What Does the New Workplace Harassment Guide for California Employers Mean For Your Business?

Back Web Only Jul 27, 2017 By Marcus L. Turner

Watch any news channel, listen to any talk radio station or read virtually any online news or social media feed, and chances are, you’ll learn about a new lawsuit being filed against a company based on allegations of harassment, discrimination or retaliatory conduct in the workplace. ​These serious claims have become far too prevalent, and they’re coming to light in all areas of the workforce. From public agencies and educational institutions, to Fortune 100 companies and media giants, to small businesses — all businesses are at risk.

California employers have a legal obligation to take reasonable steps to prevent and correct wrongful (meaning harassing, discriminatory or retaliatory) behavior in the workplace, but while most are aware of this obligation, many employers are uncertain of how to comply. This uncertainty is understandable; a failure to prevent and correct wrongful behavior can expose employers to significant legal risk. Although employers’ obligations might seem straightforward, if not adhered to properly, they can arm a plaintiff’s attorney with enough legal ammunition to turn the simplest of claims into an employer’s nightmare.   

On May 2, the California Department of Fair Employment and Housing released its Workplace Harassment Guide for California Employers (available for downloading at www.dfeh.ca.gov), which was produced to provide guidance to employers on how to comply with their obligations. While offered as a guide, employers need to pay careful attention to its content. This 9-page guide will undoubtedly become an additional roadmap for plaintiffs’ counsel to strengthen and advance their positions against employers.

Here are just a few of the ways the guide may be used against employers facing claims of harassment.

The new guide sets forth what an effective anti-harassment program contains, including a clear and easy-to-understand written policy that is distributed to employees and discussed at meetings held at least once every six months. Employers should anticipate being deposed on questions that attempt to show that the employer’s written policies were confusing. The plaintiff lawyers can infer that the company did not take them seriously, because they were not openly discussed in meetings held on a regular basis.

The guide states that the program needs “buy in from the top,” meaning that management must be a role model, and should understand and abide by the policies. Employers need to walk the walk and talk the talk.

The guide also addresses what an employer should do when receiving a report of harassment or other wrongful behavior. Employers are advised to give it top priority and determine whether it is serious enough that the employer conduct a formal investigation. Per the guide, if there are allegations of conduct that, if true, would violate the employers’ rules or expectations, the complaint needs to be investigated. If an investigation is performed, the guide will likely be used as a template to test the validity of the investigation.

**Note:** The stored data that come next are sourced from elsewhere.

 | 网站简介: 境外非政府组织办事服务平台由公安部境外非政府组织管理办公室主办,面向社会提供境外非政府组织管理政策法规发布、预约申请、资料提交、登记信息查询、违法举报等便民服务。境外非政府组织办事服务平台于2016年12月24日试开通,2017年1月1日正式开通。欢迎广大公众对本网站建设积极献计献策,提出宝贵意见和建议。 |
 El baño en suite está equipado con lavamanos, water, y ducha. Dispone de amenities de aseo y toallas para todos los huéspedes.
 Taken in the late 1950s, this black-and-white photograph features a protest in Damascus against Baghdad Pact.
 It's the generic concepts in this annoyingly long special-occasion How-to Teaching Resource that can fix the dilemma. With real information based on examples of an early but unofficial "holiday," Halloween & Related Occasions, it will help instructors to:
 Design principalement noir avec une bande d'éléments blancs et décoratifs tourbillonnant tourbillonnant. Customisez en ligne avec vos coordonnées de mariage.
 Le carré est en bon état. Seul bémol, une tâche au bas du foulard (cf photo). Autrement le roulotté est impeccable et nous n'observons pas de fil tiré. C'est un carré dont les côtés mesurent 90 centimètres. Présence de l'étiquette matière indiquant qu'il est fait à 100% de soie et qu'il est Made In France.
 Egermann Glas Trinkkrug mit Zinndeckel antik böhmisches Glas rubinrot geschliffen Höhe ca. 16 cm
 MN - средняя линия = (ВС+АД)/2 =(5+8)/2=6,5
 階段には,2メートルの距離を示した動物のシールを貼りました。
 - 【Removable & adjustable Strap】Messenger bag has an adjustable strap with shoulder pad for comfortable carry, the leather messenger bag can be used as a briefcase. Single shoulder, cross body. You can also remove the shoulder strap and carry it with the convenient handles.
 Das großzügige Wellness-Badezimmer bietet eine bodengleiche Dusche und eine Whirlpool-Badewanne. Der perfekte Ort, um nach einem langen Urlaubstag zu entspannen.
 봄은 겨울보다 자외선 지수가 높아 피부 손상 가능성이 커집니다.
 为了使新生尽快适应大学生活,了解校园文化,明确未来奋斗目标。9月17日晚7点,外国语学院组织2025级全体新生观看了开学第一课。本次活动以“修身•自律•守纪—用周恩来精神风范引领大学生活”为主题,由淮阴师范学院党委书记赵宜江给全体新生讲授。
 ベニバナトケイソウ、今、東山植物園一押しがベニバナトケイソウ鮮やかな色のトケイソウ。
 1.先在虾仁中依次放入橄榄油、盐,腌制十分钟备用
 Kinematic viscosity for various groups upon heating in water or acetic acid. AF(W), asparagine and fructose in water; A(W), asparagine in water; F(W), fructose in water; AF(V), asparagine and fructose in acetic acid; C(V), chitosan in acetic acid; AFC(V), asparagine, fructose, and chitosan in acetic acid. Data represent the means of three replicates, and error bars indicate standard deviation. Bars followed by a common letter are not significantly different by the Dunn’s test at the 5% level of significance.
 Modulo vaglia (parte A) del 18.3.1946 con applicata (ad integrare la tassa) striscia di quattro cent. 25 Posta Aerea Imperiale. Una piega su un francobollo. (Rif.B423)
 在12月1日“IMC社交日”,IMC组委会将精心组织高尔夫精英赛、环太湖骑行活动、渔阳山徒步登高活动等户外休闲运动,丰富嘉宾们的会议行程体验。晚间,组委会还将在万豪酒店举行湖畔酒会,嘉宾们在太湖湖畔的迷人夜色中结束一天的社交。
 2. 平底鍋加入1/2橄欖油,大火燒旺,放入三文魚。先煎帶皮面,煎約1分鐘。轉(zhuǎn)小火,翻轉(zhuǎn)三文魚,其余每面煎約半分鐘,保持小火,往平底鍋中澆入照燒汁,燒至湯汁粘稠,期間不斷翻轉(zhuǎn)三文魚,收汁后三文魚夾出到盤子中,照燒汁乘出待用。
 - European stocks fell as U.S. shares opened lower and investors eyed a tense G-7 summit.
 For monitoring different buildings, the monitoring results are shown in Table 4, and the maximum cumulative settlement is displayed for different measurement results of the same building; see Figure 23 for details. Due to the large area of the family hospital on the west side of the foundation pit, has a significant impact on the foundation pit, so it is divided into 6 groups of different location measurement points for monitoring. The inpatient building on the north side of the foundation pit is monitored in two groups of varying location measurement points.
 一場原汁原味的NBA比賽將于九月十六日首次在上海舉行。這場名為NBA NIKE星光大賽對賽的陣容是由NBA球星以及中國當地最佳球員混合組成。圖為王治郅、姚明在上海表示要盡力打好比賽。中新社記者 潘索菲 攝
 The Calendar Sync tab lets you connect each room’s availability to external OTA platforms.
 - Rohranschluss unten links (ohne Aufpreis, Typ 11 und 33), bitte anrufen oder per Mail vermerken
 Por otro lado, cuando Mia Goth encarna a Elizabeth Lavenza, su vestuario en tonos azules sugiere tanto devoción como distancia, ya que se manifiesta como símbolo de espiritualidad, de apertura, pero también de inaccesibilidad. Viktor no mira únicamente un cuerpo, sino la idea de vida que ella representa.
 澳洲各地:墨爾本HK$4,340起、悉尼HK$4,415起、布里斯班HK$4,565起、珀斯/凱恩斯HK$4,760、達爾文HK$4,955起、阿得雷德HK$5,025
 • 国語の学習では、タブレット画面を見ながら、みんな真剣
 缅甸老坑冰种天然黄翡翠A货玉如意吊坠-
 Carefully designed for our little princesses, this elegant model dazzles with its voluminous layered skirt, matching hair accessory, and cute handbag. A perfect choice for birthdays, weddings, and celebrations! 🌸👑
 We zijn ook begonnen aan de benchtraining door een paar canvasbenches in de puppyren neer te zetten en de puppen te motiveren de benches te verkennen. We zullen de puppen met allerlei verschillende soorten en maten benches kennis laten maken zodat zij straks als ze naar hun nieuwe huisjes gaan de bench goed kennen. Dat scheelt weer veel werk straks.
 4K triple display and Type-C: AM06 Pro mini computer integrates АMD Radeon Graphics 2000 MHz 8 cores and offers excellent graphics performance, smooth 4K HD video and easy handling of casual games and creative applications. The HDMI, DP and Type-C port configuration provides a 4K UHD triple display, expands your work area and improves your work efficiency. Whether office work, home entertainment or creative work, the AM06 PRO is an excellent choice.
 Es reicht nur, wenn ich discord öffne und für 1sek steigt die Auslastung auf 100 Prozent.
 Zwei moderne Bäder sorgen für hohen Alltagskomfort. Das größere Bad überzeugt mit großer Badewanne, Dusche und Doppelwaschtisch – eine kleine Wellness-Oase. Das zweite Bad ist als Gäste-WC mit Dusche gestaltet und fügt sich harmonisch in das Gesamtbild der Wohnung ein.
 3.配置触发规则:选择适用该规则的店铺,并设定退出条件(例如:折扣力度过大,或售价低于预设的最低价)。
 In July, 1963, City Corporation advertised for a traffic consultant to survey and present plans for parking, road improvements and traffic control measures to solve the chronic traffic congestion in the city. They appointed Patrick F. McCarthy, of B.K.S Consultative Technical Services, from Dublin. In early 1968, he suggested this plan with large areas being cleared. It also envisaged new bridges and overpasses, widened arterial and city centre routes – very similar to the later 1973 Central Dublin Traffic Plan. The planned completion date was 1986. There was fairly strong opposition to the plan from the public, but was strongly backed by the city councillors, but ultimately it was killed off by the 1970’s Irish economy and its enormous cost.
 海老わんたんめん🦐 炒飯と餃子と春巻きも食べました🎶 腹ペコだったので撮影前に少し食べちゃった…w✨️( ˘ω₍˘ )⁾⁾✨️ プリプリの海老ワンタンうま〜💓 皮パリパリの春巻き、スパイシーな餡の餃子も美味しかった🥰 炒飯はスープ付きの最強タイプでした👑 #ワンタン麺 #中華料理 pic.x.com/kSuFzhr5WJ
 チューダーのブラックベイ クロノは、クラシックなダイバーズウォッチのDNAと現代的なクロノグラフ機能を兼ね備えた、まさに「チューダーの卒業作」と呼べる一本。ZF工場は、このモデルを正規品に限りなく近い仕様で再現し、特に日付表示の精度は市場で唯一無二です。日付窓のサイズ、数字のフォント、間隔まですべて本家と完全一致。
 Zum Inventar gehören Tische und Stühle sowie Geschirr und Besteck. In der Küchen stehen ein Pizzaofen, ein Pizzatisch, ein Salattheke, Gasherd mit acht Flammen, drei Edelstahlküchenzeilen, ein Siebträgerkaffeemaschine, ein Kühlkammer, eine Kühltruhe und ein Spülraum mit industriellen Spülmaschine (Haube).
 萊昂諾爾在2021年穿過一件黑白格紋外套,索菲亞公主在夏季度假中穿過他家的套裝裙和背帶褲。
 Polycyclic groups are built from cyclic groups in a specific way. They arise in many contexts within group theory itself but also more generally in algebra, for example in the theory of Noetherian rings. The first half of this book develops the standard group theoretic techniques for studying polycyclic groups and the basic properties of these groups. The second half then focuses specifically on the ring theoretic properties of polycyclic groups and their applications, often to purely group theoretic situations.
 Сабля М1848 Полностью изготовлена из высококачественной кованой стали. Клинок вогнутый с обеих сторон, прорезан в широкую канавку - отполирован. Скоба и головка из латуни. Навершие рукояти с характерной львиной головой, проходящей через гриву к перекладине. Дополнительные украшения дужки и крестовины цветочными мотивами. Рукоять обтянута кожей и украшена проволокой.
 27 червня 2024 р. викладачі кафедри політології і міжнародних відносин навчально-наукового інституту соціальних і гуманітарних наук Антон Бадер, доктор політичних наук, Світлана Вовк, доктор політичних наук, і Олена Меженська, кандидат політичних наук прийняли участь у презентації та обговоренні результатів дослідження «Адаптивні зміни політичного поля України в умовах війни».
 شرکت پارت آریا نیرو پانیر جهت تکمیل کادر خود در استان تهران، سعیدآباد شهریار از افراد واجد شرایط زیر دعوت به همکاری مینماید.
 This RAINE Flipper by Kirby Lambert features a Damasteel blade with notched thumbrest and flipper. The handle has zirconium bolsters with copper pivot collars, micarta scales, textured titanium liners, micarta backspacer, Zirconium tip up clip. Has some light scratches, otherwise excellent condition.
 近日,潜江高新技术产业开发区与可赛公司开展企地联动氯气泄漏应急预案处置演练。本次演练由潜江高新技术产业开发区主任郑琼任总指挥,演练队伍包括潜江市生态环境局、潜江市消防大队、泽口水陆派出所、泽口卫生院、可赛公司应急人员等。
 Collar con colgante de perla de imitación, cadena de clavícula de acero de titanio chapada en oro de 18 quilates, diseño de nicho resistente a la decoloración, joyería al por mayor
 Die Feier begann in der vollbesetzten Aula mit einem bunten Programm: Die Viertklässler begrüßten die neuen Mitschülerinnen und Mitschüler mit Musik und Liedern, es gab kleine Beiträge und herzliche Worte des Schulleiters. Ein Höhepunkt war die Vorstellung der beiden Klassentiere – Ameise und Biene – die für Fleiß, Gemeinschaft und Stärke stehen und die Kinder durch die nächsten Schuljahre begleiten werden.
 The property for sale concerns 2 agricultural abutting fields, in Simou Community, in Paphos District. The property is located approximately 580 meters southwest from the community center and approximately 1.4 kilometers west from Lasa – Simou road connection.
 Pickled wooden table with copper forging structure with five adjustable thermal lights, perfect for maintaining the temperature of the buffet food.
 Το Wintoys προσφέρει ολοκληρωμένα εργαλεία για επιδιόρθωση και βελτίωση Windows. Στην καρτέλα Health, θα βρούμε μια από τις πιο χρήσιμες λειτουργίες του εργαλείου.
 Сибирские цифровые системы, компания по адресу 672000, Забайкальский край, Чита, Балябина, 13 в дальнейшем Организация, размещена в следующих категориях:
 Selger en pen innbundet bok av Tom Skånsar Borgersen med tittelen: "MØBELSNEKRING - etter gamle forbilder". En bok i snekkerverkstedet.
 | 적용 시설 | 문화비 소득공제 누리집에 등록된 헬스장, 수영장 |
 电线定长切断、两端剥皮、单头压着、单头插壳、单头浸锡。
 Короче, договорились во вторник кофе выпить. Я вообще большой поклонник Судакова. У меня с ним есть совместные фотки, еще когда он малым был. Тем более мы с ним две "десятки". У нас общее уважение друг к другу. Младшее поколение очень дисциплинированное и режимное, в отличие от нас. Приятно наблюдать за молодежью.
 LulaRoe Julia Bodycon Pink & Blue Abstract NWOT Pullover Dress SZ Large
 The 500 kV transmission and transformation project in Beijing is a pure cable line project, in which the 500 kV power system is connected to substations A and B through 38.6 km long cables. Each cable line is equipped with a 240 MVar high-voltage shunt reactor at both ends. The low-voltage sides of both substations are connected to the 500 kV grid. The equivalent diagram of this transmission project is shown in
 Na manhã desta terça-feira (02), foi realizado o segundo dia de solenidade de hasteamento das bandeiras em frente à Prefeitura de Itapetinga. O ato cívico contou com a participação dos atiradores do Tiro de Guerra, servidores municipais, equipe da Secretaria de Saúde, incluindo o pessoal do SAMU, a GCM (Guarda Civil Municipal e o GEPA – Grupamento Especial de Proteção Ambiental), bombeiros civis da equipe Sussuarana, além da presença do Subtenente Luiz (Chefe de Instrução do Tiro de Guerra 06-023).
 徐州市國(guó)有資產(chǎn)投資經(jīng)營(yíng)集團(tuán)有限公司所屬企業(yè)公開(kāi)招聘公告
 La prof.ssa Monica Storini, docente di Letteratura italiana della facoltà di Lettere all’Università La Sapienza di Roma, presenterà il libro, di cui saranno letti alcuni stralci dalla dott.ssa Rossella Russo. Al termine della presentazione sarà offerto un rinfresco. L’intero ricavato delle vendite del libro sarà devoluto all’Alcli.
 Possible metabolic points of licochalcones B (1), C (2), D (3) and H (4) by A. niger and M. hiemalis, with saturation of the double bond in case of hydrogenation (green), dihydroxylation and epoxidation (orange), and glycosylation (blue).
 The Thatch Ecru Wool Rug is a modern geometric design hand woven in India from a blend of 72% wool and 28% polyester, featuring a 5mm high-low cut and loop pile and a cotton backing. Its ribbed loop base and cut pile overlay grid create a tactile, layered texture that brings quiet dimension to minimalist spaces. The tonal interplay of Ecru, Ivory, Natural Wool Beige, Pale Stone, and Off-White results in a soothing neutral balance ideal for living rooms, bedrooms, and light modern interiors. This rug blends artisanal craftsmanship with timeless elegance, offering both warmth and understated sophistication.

Expect depositions to be focused on topics such as:

Was the proper investigator selected? The guide provides insight into the necessary qualifications and training of investigators.

Was the investigation initiated promptly after the employer knew or should have known of the harassment? The guide provides helpful information related to the timeliness of the investigation, its thoroughness and how to ensure the investigation is fair to all parties. Company examples are provided related to setting up timelines for investigating based on the seriousness of the complaint. For example, if the allegation involves claims of physical harassment or a threat of violence, it needs to be acted on the same day the complaint is received. If the allegation is not urgent, many companies make it a point to contact the complaining party within a day or two and strive to finish the investigation in a few weeks.

Was the investigation impartial? Report findings should be based on an objective weighing of the evidence collected, and understand that the integrity of the findings is at risk if there is any investigator bias (even a perception of bias). The guide explains that a perception of bias by the investigator will discourage open dialogue with all involved parties.

Were the remedial actions adequate? Even if the investigation was solid, expect the claimant’s focus to turn to whether the employer’s remedial action was adequate. An employer must take appropriate remedial steps when there is proof of misconduct — and the behavior does not always need to rise to the level of a policy violation or the law to warrant a remedy.  Remember, an employer’s legal obligation is to take reasonable steps to prevent and correct unlawful behavior. Once an employer has determined that harassment or discrimination has occurred, the employer must halt the harassment and minimize the risk of reoccurrence.  

Various types of corrective actions undertaken by employers have produced different results in court: A few early cases held that an oral instruction from the employer to the perpetrator to refrain from harassing conduct could be sufficient. However, subsequent cases held that the warning was not enough, especially since the warning did not put an end to the harassment. When contemplating a remedial measure, employers need to assess whether it will stop the harassment and be an effective deterrent in the future.

Another common remedy used by employers is separation of the complainant and the harasser. However, in certain situations courts have found if harassers are not completely removed from the workplace, then their mere presence can create a hostile work environment. In certain circumstances, firing the perpetrator may be an appropriate response, and the employer’s failure to do so may be considered inadequate remediation.

An employer handling a claim of wrongful conduct has many decisions to make, each with its own advantages, disadvantages and legal consequences. The minimum takeaway for employers is simple, though: Thoroughly acquaint yourself with the state’s new guide, and if a claim of harassment, discrimination or other wrongful conduct lands on your desk, seek counsel immediately — because the consequences can be devastating.